**** Provided entries
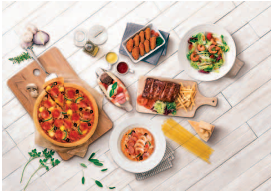
သတင်းနှင့်ဓာတ်ပုံ-ခင်ဇော်

ဟားခါး နိုဝင်ဘာ ၂၄ ဟားခါးမြို့ ဈေးသစ်ရပ်ကွက် သီတာလမ်း၌ နိုဝင်ဘာ ၂၂ ရက်ညက ဖြစ်ပွားသော ပေါက်ကွဲမှုကြောင့် ပျက်စီးသည့် အဆောက်အအုံများနှင့် ပြန်ကြည့်သည့် အမှုိုက်သရိုက်များ ဖယ်ရှားရှင်းလင်းခြင်းကို ယနေ့ နံနက် ၈ နာရီက ဟားခါးမြို့ နယ်မြေခံတပ်ရင်းတပ်ဖွဲ့မှ တပ်မတော်သားများ၊ မြန်မာ နိုင်ငံ ရဲတပ်ဖွဲ့ဝင်များ၊ မီးသတ်တပ်ဖွဲ့ဝင်များ၊ ကြက်ခြေနီတပ်ဖွဲ့ဝင်များ၊ စည်ပင်သာယာရေးအဖွဲ့နှင့် ရပ်ကွက်နေပြည်သူများက ပိုင်းဝန်းဖယ်ရှား ရှင်းလင်းပေးလျက်ရှိသည်။ ယင်းပေါက်ကွဲမှုကြောင့် နေအိမ်ပျက်စီးဆုံးရှုံးသည့် အိမ်ထောင်စု ရှစ်စုအတွက် မြန်မာနိုင်ငံကြက်ခြေနီအဖွဲ့က လှူဒါန်းသော ကယ်ဆယ်ရေးပစ္စည်း သုံးမျိုးကို ဟားခါးမြို့ ကြက်ခြေနီတပ်ဖွဲ့ဝင်များက လည်းကောင်း၊ ဟားခါးမြို့ နယ် အထွေထွေအုပ်ချုပ်ရေးဦးစီးဌာနမှ ကယ်ဆယ်ရေးပစ္စည်း ရှစ်မျိုးကို လည်းကောင်း အသီးသီးထောက်ပံ့ပေးအပ်လှူဒါန်းခဲ့ကြောင်း သိရသည်။ (ခရိုင် ပြန်/ဆက်)
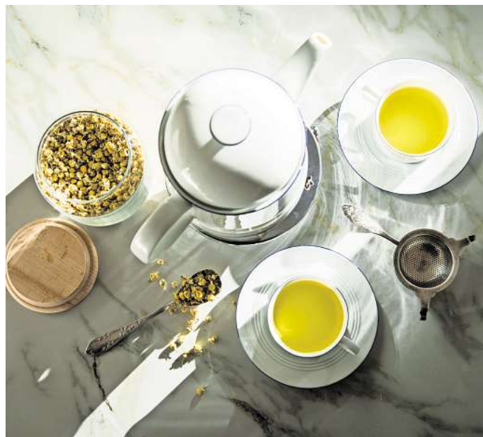
Für die Zubereitung von Tee empfiehlt der Deutsche Tee & Kräutertee Verband, das Wasser stets sprudelnd aufzukochen, um Keime abzutöten.
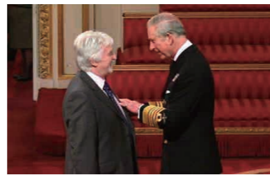
▲英国王室から大英帝国勲章(MBE)を授与された時の様子
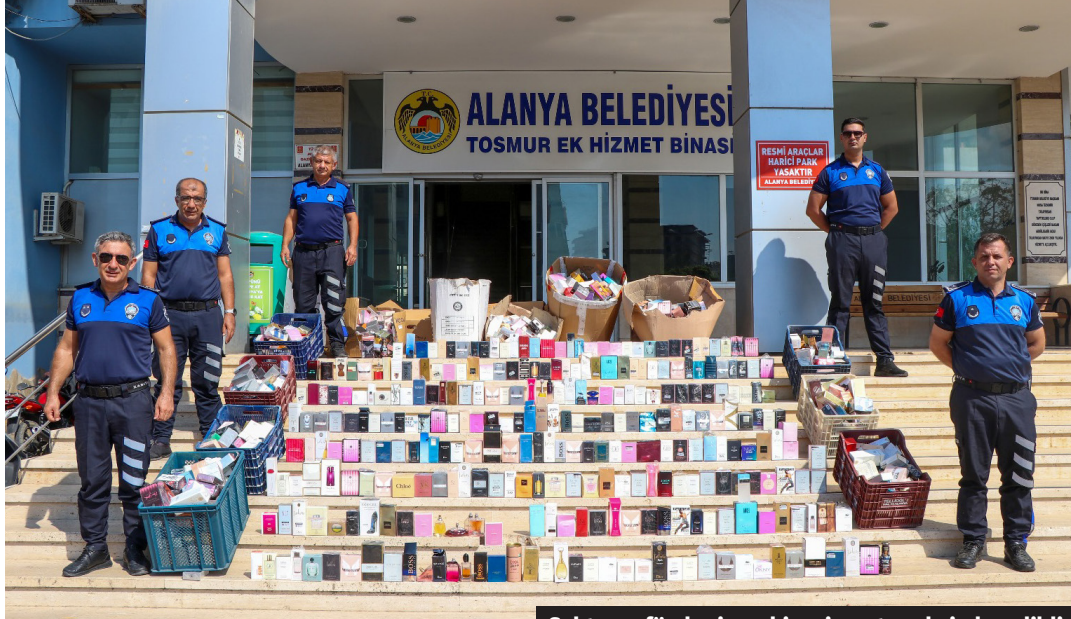
Sahte parfümler iş makinesi vasıtasıyla imha edildi.

ALANYA Belediyesi, özellikle yaz sezonunda artan seyyar satıcı faaliyetlerine karşı kapsamlı denetimler gerçekleştiriyor. Denetimlerini sıkılaştıran ekipler, halk sağlığını tehdit eden, merdiven altı üretilen binlerce şişe parfüme el koydu. Söz konusu çalışmalar sırasında, kaçak ve sahte parfüm sattığı tespit edilen çok sayıda işletme ve seyyar satıcıya müdahale edildi. Halk sağlığını tehdit eden ve ekonomik açıdan haksız rekabete yol açan sahte ürünlere karşı yürütülen mücadele sonucunda seyyar satıcılardan toplanan 7 bin 857 şişe parfümün, Alanya Belediyesi Tosmur Ek Hizmet Binası önünde sergilenmesinin ardından iş makinesi vasıtasıyla imha edildi. Ünlü markaların isimlerinin kullanılarak satışı yapılan sahte parfümlerin orijinal şişe ve kutuların birebir aynıyla ambalajlandığı gözlemlenirken, bu tür ürünlerin ciddi anlamda sağlık riskleri taşıdığına dikkat çekildi. Denetimlerin aralıksız devam ettiğini
********
[The task]: Your task is to return the lines above, from the first one up to and including the line containing "ဟားခါး နိုဝင်ဘာ ၂၄", minus any pictures.

[Answer for the task]:
သတင်းနှင့်ဓာတ်ပုံ-ခင်ဇော်

ဟားခါး နိုဝင်ဘာ ၂၄ ဟားခါးမြို့ ဈေးသစ်ရပ်ကွက် သီတာလမ်း၌ နိုဝင်ဘာ ၂၂ ရက်ညက ဖြစ်ပွားသော ပေါက်ကွဲမှုကြောင့် ပျက်စီးသည့် အဆောက်အအုံများနှင့် ပြန်ကြည့်သည့် အမှုိုက်သရိုက်များ ဖယ်ရှားရှင်းလင်းခြင်းကို ယနေ့ နံနက် ၈ နာရီက ဟားခါးမြို့ နယ်မြေခံတပ်ရင်းတပ်ဖွဲ့မှ တပ်မတော်သားများ၊ မြန်မာ နိုင်ငံ ရဲတပ်ဖွဲ့ဝင်များ၊ မီးသတ်တပ်ဖွဲ့ဝင်များ၊ ကြက်ခြေနီတပ်ဖွဲ့ဝင်များ၊ စည်ပင်သာယာရေးအဖွဲ့နှင့် ရပ်ကွက်နေပြည်သူများက ပိုင်းဝန်းဖယ်ရှား ရှင်းလင်းပေးလျက်ရှိသည်။ ယင်းပေါက်ကွဲမှုကြောင့် နေအိမ်ပျက်စီးဆုံးရှုံးသည့် အိမ်ထောင်စု ရှစ်စုအတွက် မြန်မာနိုင်ငံကြက်ခြေနီအဖွဲ့က လှူဒါန်းသော ကယ်ဆယ်ရေးပစ္စည်း သုံးမျိုးကို ဟားခါးမြို့ ကြက်ခြေနီတပ်ဖွဲ့ဝင်များက လည်းကောင်း၊ ဟားခါးမြို့ နယ် အထွေထွေအုပ်ချုပ်ရေးဦးစီးဌာနမှ ကယ်ဆယ်ရေးပစ္စည်း ရှစ်မျိုးကို လည်းကောင်း အသီးသီးထောက်ပံ့ပေးအပ်လှူဒါန်းခဲ့ကြောင်း သိရသည်။ (ခရိုင် ပြန်/ဆက်)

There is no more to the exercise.